Im starting this without a title. Cause I have no idea where its going to go... Like I put as a description, pure randomness. I guess maybe that makes me a bit of a scatterbrain. Going on rabbit trails. Darting in so many directions not many can prolly follow. It kind of just spills out.
I opened up to a guy I know, not extremely well. But well enough to trust him with my issues. He is a MMA fighter with such a knowledge about natural healing, and supplements that I couldnt pass up the option to get the info I have been having so much trouble finding. He was so happy I came to him. And told me about a very reputable man that is known for his knowledge and quality of product. I researched him on the internet, and am pretty excited to purchase some of his products. My friend talked to him specifically about me and my issues, and the Doctor responded with interest and positive thoughts that I can help replenish my body with a little time. And minimal discomfort....that of course is yet to be seen. But this doctor offered his support to me directly. His wife deals with eating disorders and addiction. I have an amazing opportunity here. Why cant I see it like that? Why is it so scary. Even with someone that is a professional with nutrition and reputable, I still think I will get fat again. It really makes me sick with anxiety. Supposedly a lot of people with stimulant addiction need to go on a mostly alkaline diet, with some essential oils. I will find out more about this thou before I spout of some things....
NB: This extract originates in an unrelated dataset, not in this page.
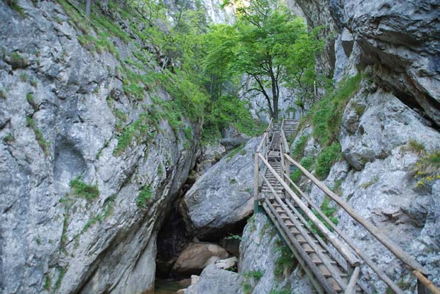 3 € werden für die Erhaltung der Leitern in der Klamm verrechnet, ein Beitrag, der gerechtfertigt ist, wie man bald sehen wird.

As usual, I have been thinking too much. Which is actually amazes me because I barely have time for anything, let alone diving into these emotional trenches. I recently had been emailing someone back and forth. Chatting, when I told them that I was going thru recovery now and what not, I received an email. Ir was one line. Saying, I have to stop writing with you at this time, its causing me to really think about using too much. This person a user as well, just had lost his contact maybe. And guess it was causing him to jones for it too much. Now I can understand this. And when i went to reply he must have deleted his email account. Well... I had several feelings about this.... I understood....but than I wondered if it was that I wasnt going to be talking about the drugs I was using anymore. Like maybe that was the only things this person wanted to hear about... I just dont know. I was really hurt. Even though the internet is not a world of "friends" rather just anonymity between people with similar goals, or interests, or DRUGS... I just learned this now... how stupid of me. Im not very experienced in the internet world. And I treat people just like they were right in front of me. Maybe lay a little too much out there. I think I need to change this. Or maybe figure out why I seem to have such issues with abandonment... even from strangers. Wow... writing that last sentence I cant believe how fucked up I am sometimes. From the customers at the bar who you talk with so freely, make that connection (yes I know they are maybe drunk a bit, or whatever) or the friendly person that comes into my other job, they all leave. Even my own parents. Of course. I wonder why I feel this way. Maybe I work so much that I am just lonely. Or maybe the passing of my Grandad who was my world is the reason. I remembered being very little and being so scared because he was 60!! Id say Grandad, your never going to die are you? Never going to leave me, right? And he would always tell me NEVER... I was blessed to have him in my life till I was 29. Now I know reality. That he would pass away one day. But it just doesnt seem fair... am I a perpetual child??
Time to put this one to rest. Get on with the day here at work and actually do something.